# Analyse historical data from the Climate Change Knowledge Portal 

Author: [Giuseppe La Rocca](mailto:giuseppe.larocca@egi.eu)

Creation date: 03-Sept-2019

Last updated: 04-Sept-2019

---

## Description: 

Calculate the historical precipitation data derived from the Climate Research Unit (Mitchell et at, 2003) aggregated to country and basin levels.
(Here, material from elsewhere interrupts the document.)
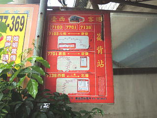 「加祿火車站」站で降りるので、 ちゃんとチャイムを押したのだが、 その1つ先まで運ばれてしまった。 運転手に「加祿火車站」じゃ ね~じゃね~かよ! と文句を言ったら、 バツが悪そうに笑っていた。 運転手もちょっと気にはしていた みたいだった。ったくも~。 |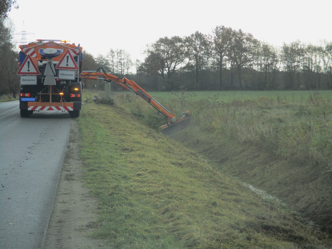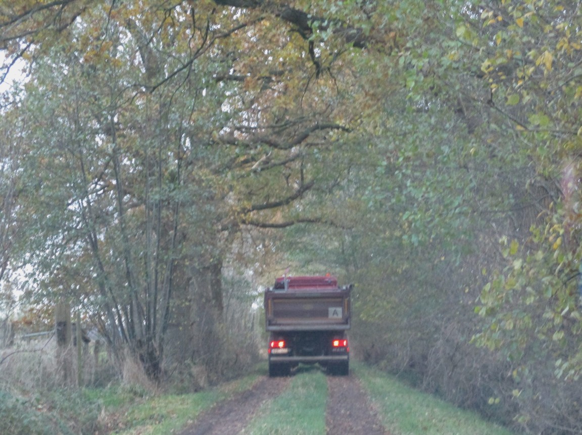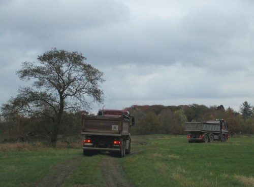 Die Baustellensperre stand offen. Wie sich herausstellte, waren einige Dutzend Jäger auf Jagd nach Hasen und Fasanen (ca. 13 bzw. 3 waren im Vorbeiradeln bereits auf dem Hänger zu sehen).

Data is obtained from the [World Data Catalogue](https://datacatalog.worldbank.org/dataset/climate-change-knowledge-portal-historical-data) and made available in the EGI DataHub with PID http://hdl.handle.net/21.T15999/3Byz9Cw

The "Climate Chnage Knowledge Portal: Historical Data" spreadsheet contains the following tabs:

* <u>Country_temperatureCRU</u>: mean monthly and annual temperatures by country for the period 1961-1999.  Values are in degrees Celsius.
* <u>Country_precipitationCRU</u>: mean monthly and annual precipitation by country for the period 1961-1999.  Values are in millimeters (mm).

For this exercise the dataset in the <u>Country_temperatureCRU</u> tab will be used.


## Import necessary libraries

In [None]:
import pandas as pd
from pandas import DataFrame
import matplotlib.pyplot as plt


# datahub and auxiliary libraries
import os
import requests
from fs.onedatafs import OnedataFS

## Resolve PID to DataHub files

In [None]:
# First get DataHub share from handle
PID = 'http://hdl.handle.net/21.T15999/3Byz9Cw'

r = requests.get(PID, allow_redirects=False)
share = os.path.basename(r.headers['Location'])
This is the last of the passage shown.